**Distinguished lectures**

**Talk 1: Interpolation of data by smooth functions // Talk 2: Mathematical problems on graphene**

**Speaker:** Charles Fefferman (Princeton University)**Date:** Friday, 15 October 2021 - 15:00 - 17:30**Online:** youtu.be/VER3NzEGLd0

**Abstract:**

**Talk 1: "Interpolation of data by smooth functions"**

Let X be your favorite Banach space of continuous functions on R^n. Given a real-valued function f on a (possibly awful) subset E of R^n, how can we decide whether f extends to a function F:R^n->R in the space X? If such an F exists, then how small can we take its norm in X? What can we say about derivatives of F? Can we take F to depend linearly on f?
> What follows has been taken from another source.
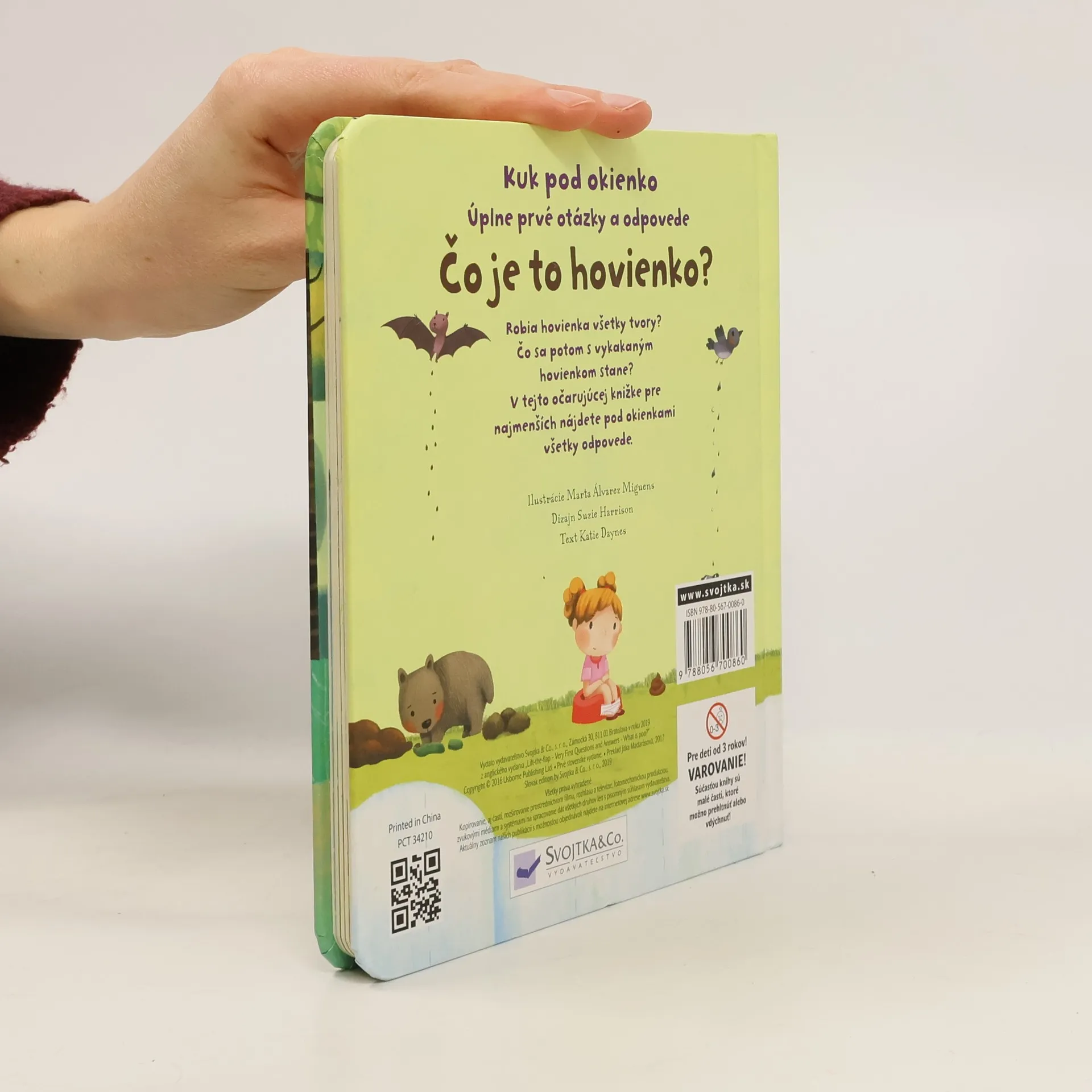 Kakajú všetci. Ale čo sa potom s vykakaným hovienkom stane? Odpovede nájdete pod okienkami v tejto očarujúcej knižke pre najmenších. Hovienka sa robia do plienky, splachujú sa do záchoda, zvieratká robia svoje hovienka vonku... Ale čo to vlastne hovienko je? Vieš, že sú chrobáky, ktoré si robia z hovienok guľôčky, a že králik svoje hovienka dokonca je? Na všetky zvedavé otázky detí na tému „Čo je to hovienko?“ nájdu bezradní rodičia odpovede v tejto úžasnej knižke s odklápacími okienkami.

Suppose E is finite. Can we compute an F whose norm in X has the least possible order of magnitude? How many computer operations does it take? What if we demand merely that F agree approximately with f on E? What if we are allowed to discard a few data points as "outliers"? Which data points should we discard?

**Talk 2: "Mathematical problems on graphene"**

The talk presents two standard models used by physicists to study the propagation of electrons in graphene. The lecture presents theorems that relate those models to each other, then derive from them some well-known phenomena along with another phenomenon that's not so well known.